┌──

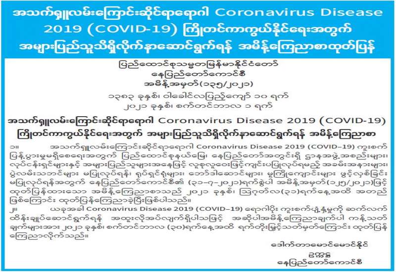 ကျန်းမာရေးဝန်ကြီးဌာနအနေဖြင့် နိုင်ငံအတွင်း ကူးစက်ဖြစ်ပွားနေသော COVID-19 ရောဂါကာကွယ်၊ ကုသ၊ ထိန်းချုပ်ရေးလုပ်ငန်းများကို အရှိန်အဟုန်မြှင့်ဆောင်ရွက်လျက်ရှိရာ ရောဂါထိန်းချုပ်ရေးလုပ်ငန်းများ အောင်မြင်နိုင်ရေးအတွက် ပြည်သူလူထုအနေဖြင့် -
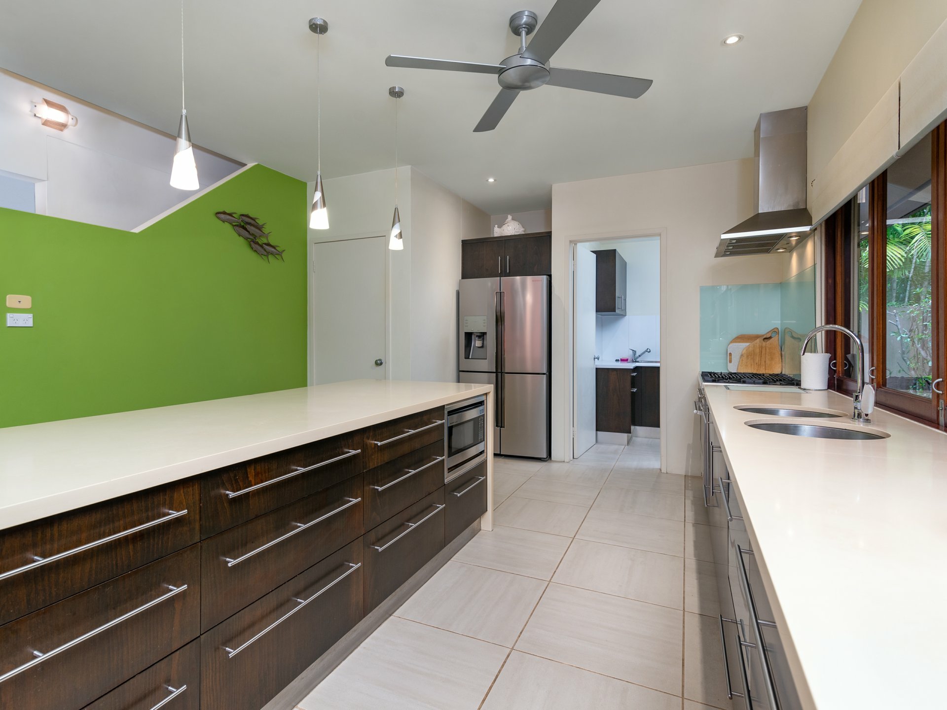 The gourmet kitchen is crafted for both everyday living and entertaining, complete with premium appliances, double drawer dishwashers, quality gas cooktop, expansive waterfall island bench and walk-in pantry. Flowing seamlessly from kitchen to dining and living spaces, banks of timber-framed bi-fold doors dissolve the boundary between indoors and out - perfectly embracing the tropical climate. Solar panels have also been installed.
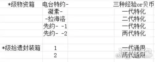 “物资箱”是材料获取的重要补充来源。图中“二”指第二代箱子,“两”则表示两代箱子皆有产出。游戏内常见的物资箱类型包括:
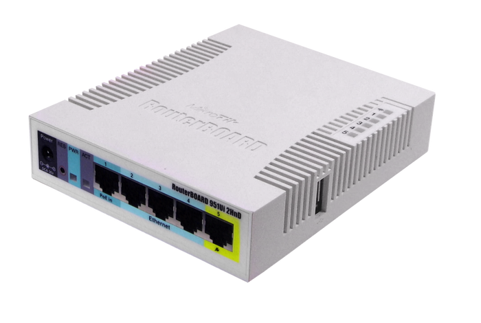 The RB951Ui-2HnD is a wireless SOHO AP with a new generation Atheros CPU and more processing power. It has five Ethernet ports, one USB 2.0 port and a high power 2.4GHz 1000mW 802.11b/g/n wireless AP with antennas built in.
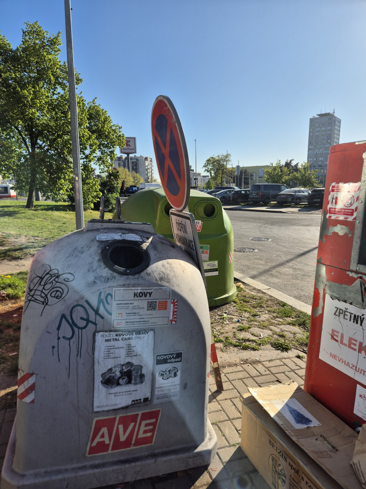Někdo vytrhl značku upozorňující na čištění ulice z podstavce a hodil ji ke kontejnerům

└──

» Directions for this task
Pictures stay out of the copy. Reproduce exactly the lines from the one containing "The RB951Ui-2HnD is" through the last line of the records above, both included.

» Solution below
 The RB951Ui-2HnD is a wireless SOHO AP with a new generation Atheros CPU and more processing power. It has five Ethernet ports, one USB 2.0 port and a high power 2.4GHz 1000mW 802.11b/g/n wireless AP with antennas built in.
Někdo vytrhl značku upozorňující na čištění ulice z podstavce a hodil ji ke kontejnerům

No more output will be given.